The choice of thresholding method may be made based on anatomical knowledge and/or any other prior acquired information about the different classes of pixels present in the image. As will become clear below, such knowledge and information can also influence how a thresholding method is applied. For example, knowledge about the proportions of different tissue classes such as air, bone and CSF within the ROI may be used to determine the low threshold for a T1-weighted, SPGR or FLAIR image. The SRCT method is an example method that takes advantage of such knowledge. As can be appreciated, for T1-weighted, SPGR, and FLAIR images, the low threshold is to be used to separate WM/GM from both CSF and bone/air. There exists substantial intensity overlap between CSF and brain tissues in these types of images. Thus, the low threshold is difficult to choose with conventional thresholding methods. The SRCT method, on the other hand, may be advantageously used for determining the low threshold for segmenting these images with good results.
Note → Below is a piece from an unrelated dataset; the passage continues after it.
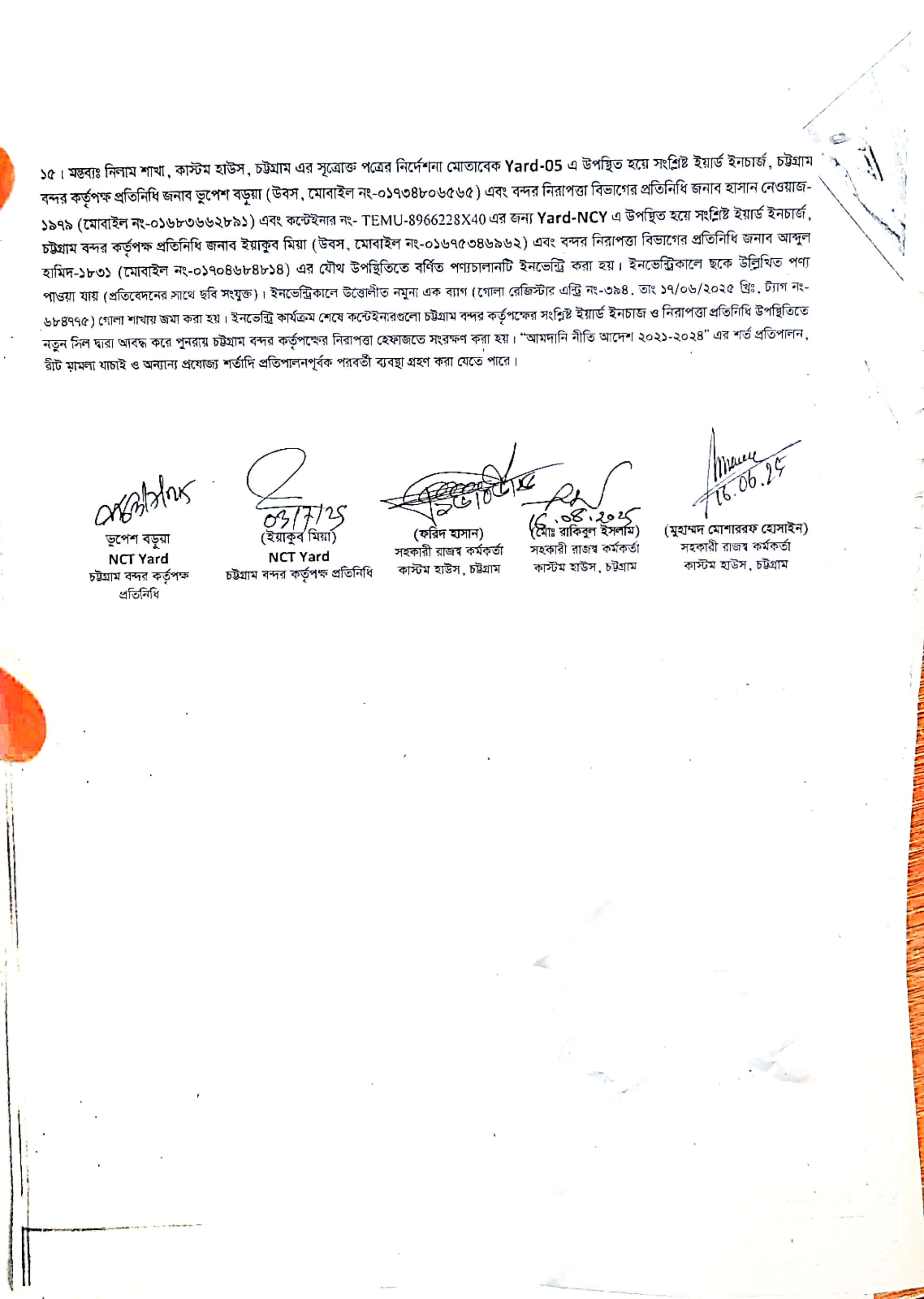 Terms & condition : আমদানি নীতি আদেশ এবং বিদ্যমান অন্যান্য আইন ও বিধি-বিধানের প্রযোজ্য সকল শর্ত পরিপালন এবং প্রযোজ্য ক্ষেত্রে রাসায়নিক পরীক্ষায় পণ্যের সঠিকতা ও ব্যবহার উপযোগিতা থাকা সাপেক্ষে পণ্য ছাড়যোগ্য হবে। যে সকল লটভুক্ত পণ্যচালানে মেয়াদ উত্তীর্ণ/ধ্বসংযোগ্য পণ্য অন্তর্ভুক্ত রয়েছে, সে সকল পণ্যচালানের ক্ষেত্রে মেয়াদ উত্তীর্ণ/ধ্বসংযোগ্য পণ্য ব্যতীত (প্রযোজ্য ক্ষেত্রে) কেবল মেয়াদযুক্ত/নিলামযোগ্য পণ্যসমূহ বিদ্যমান ও প্রযোজ্য সকল আইন ও বিধি-বিধানের প্রযোজ্য সকল শর্ত পরিপালন সাপেক্ষে পণ্য ছাড়যোগ্য হবে। সার্ভার জটিলতা এড়ানোর জন্য আগ্রহী নিলাম ক্রেতাগণকে সরেজমিন পণ্য দেখে নিলামের নির্ধারিত শেষ তারিখ ও সময়ের (৩০/০৯/২০২৫ খ্রি. তারিখ বিকাল ০৪.০০ টা) পূর্বেই বিশেষ ই-নিলামে অংশগ্রহণ করার জন্য অনুরোধ করা যাচ্ছে। কোনরূপ কারণ দর্শানো ব্যতিরেকে কর্তৃপক্ষ যে কোন সময় ও পর্যায়ে যে কোন লট বা সকল লটের নিলাম আংশিক বা সম্পূর্ণ স্থগিত বা বাতিল করার অধিকার সংরক্ষণ করেন।

In the SRCT method, a threshold is determined by minimizing the classification error within a frequency range of the background. In a given image, the frequency (number) of pixels at each different intensity level can vary and the proportion of background pixels to the pixels in the ROI can vary at different frequencies. The frequency range of the background in which the proportion of the background to the ROI varies may be estimated through supervision as described in Hu(II), supra. Briefly, a lower limit and a higher limit of the frequency range of the background are determined by supervision, which may be in the form of training when a number of sample mages with ground truth are available, or in the form of approximation based on any prior knowledge or visual judgement when sample images are not available.

For T2-weighted and PD-weighted images, the lower threshold is to be used for separating air/bone and WM. There is relatively less intensity overlap between air/bone and WM. Thus, the MASD method may be effective and sufficient.

As illustrated in FIG. 2, the high threshold (It,h) is determined next (at S260). As can be appreciated, the order of determining low and high thresholds may be reversed.

As illustrated in FIG. 6, different thresholding methods are again used for different types of images. For T1-weighted, SPGR, and FLAIR images, the MASD method may be used, at S264, because for these images the high threshold is to be used to separate WM or GM from high intensity non-brain tissues such as bone marrow and adipose.

For T2-weighted and PD-weighted images, the high threshold is to be used to separate GM and CSF. Again, this separation can be difficult with a conventional thresholding method. Thus, a method referred to herein as thresholding with pairs of bordering pixels (TPBP) is used, at S265. As will become clear, the TPBP method is suitable for separating two classes of pixels that are adjacent to each other both spatially and in intensity ranking. As can be appreciated, CSF and GM/WM pixels are such classes of pixels in T2-weighted and PD-weighted images.

The suitable thresholding methods for each type of MR images are also listed in Table I for easy reference.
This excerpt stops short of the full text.